To begin with, lets talk about what are the goals of using a filter. In the simplest terms I can think of, the purpose of a filter is to remove from a mixture some part that is unwanted while allowing the desirable part to pass through unaffected. If you think about a filter for drinking water, you would expect it to remove dirt, rust, and other impurities while allowing only clean water to pass through. When talking about filtering data, we want to remove undesired signals while allowing the desired signal to pass through with as little alteration as possible.
When looking at a signal coming from an accelerometer which is mounted on a quadcopter, there is a large potential for noise in the actual acceleration signal. If the motors or propellers are out of balance, the the shaking from them will show up in the accelerometer data. Even in an perfect environment, the accelerometer will naturally have noise of its own in its signal.
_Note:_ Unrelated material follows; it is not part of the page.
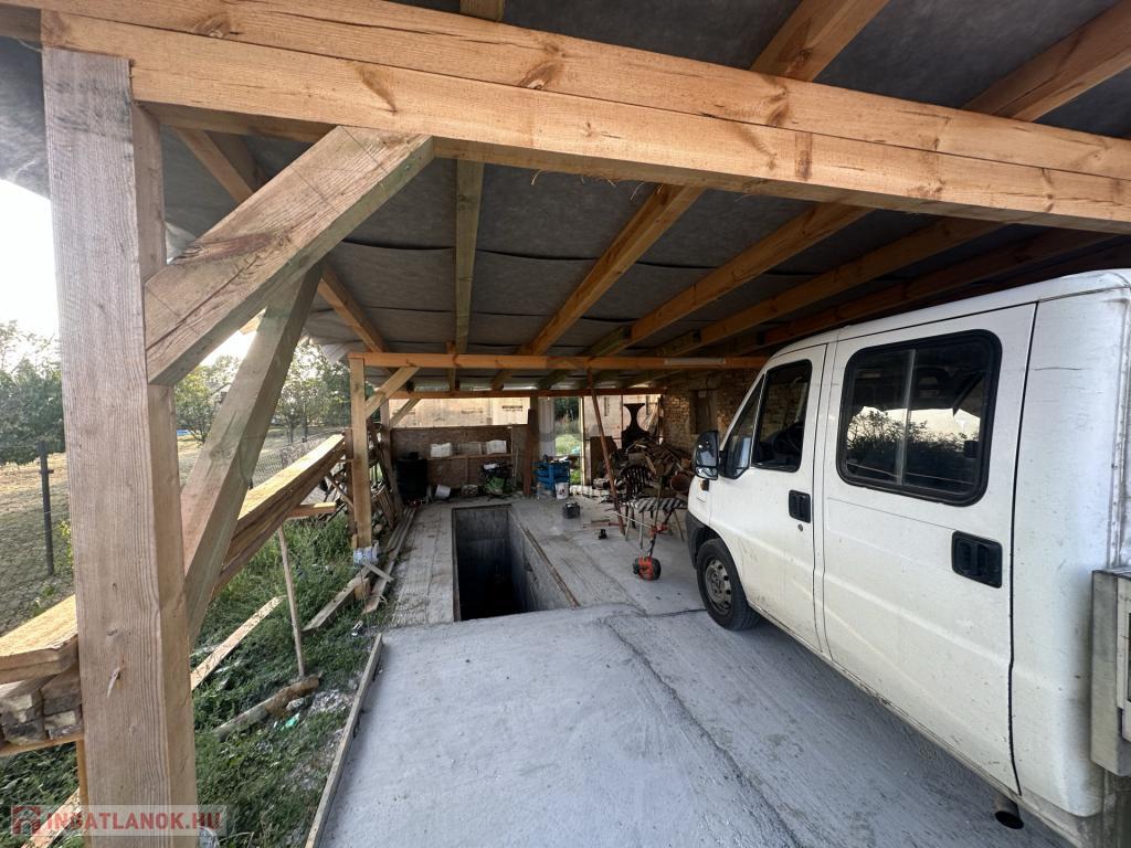 Az épület mellett található egy garázs, egy fedett beálló, amely 2 gépkocsi számára biztosít helyet.

So if we are going to use the acceleration data, it needs to be free of errors or else whatever we use the data for will be tainted.
To make things more complicated, a quadrotor needs fast data to keep the aircraft stable. We don't have all day for the processor to work on the data and remove the error. In an 16Mhz Arduino, we have the processing power of a 25 year old desktop (which is amazing in it's own right) so nothing we do can be super complicated. My smartphone is 100x more powerful (or even more if you include the graphics chip).
Lets start looking at data and see what all this really means.
Fig. 1 - Raw Accelerometer Data
In figure 1 above, I have plotted a graph of the raw data from the accelerometer. In this data I held the sensor and made one slow oscillation followed by four quick oscillations. For any one who likes nice pretty lines and curves, this graph is not for you. There are a lot of small wiggles that make the data look very spiky. If we are going to use this data we want to get rid of the spikiness and try to make it smooth while still following the the original data as close as possible.
Any time a signal has many spikes that happen very often, it would be considered a high frequency signal. The noise in the above picture looks like it has a high frequency. In contrast, the part of the signal we want looks like it moves in slow waves. This suggests that the data we want is a low frequency. If we want to keep the low frequency data while throwing away the high frequency noise, then we might want to use a low-pass filter. A low pass filter does exactly what its name implies, it allows the low frequencies to pass while blocking the high frequencies. We can look at the graph below and see how well it works.
|Fig 2 - Raw data and a Low Pass Filter|
Above we see in figure 2 what an exponential decay low pass filter looks like when applied to our rough looking raw data. Clearly we have eliminated the high frequency spiky look. Unfortunately, there are two problems with this solution. The first is that the filtered data appears to have been shifted to the right. This indicates that the data is being delayed by the filter which is typical of this kind of filter when it is set to have a strong filtering effect. The second issue is that the data doesn't seem to follow the original data very well. If you look at the four fast oscillation, the red line doesn't seem to reach as high as it should while also not reaching as low as it should. Reducing the strength of this filter would reduce both of these problems, but also allow more noise back into the signal.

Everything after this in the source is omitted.